May 07, 2003

Notes: Alexander Gerschenkron

Recommended by Rebecca Hellerstein...

Nicholas Dawidoff (2002), The Fly Swatter: How My Grandfather Made His Way in the World (New York: Pantheon: 0375400273).

Alexander Gerschenkron

p. 10: ... someone who was going to grow up to be a person of true principle would get that way by proving his loyalty to small things, like the Boston Red Sox. I was cautioned never to blame the umpire for the many disappointments suffered by the Red Sox. My grandfather wanted me to feel that a person creates his own luck. Although he accredited fate, felt that fate--like God--was immutable, he also seemed to find it oddly beside the point and believed that a man stood a better chance in life if he ran out every routine ground ball to second base. "Nicky boy, you never know," was one of his prized phrases...

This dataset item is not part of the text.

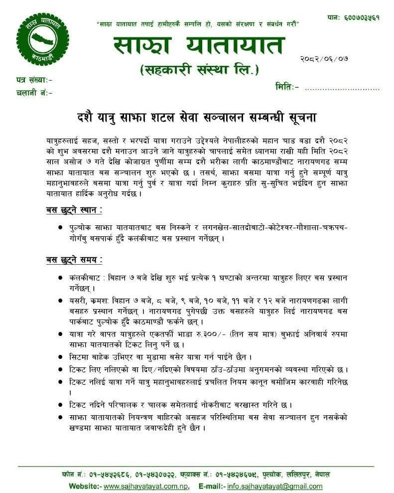 काठमाडौं । साझा यातायात सहकारी संस्था लिमिटेडले असोज ७ देखि २१ गतेसम्म काठमाडौंदेखि नारायणगढसम्म बस सञ्चालनमा ल्याएको छ। दशैंमा यात्रुको चाप बढी हुने भएकाले सहज र सस्तो सेवा दिने उद्देश्यले उक्त रुटमा बस सञ्चालन गरिएको यातायातले जनाएको छ।

p. 34: ... To a very real degree, Shura was raised on an ecumenical creed with tenets best expressed by Pushkin in his poem "I Built a Monument Not Made by Hands"--the last verse in particular:

"Long will be remembered by the nation
That of the good in men's hearts I did speak--
That I praised freedom in this age of deprivation
And called for mercy for the frail and the weak."

These lines were quoted so frequently in the family that all the Gerschenkron children knew them from memory, none better than Shura. "This poem Shura worshipped," says Lydia. What the entire family admired was both the nerve of the rebel poet standing up to tyranny wherever he saw it, and his belief in a moral and compassionate life.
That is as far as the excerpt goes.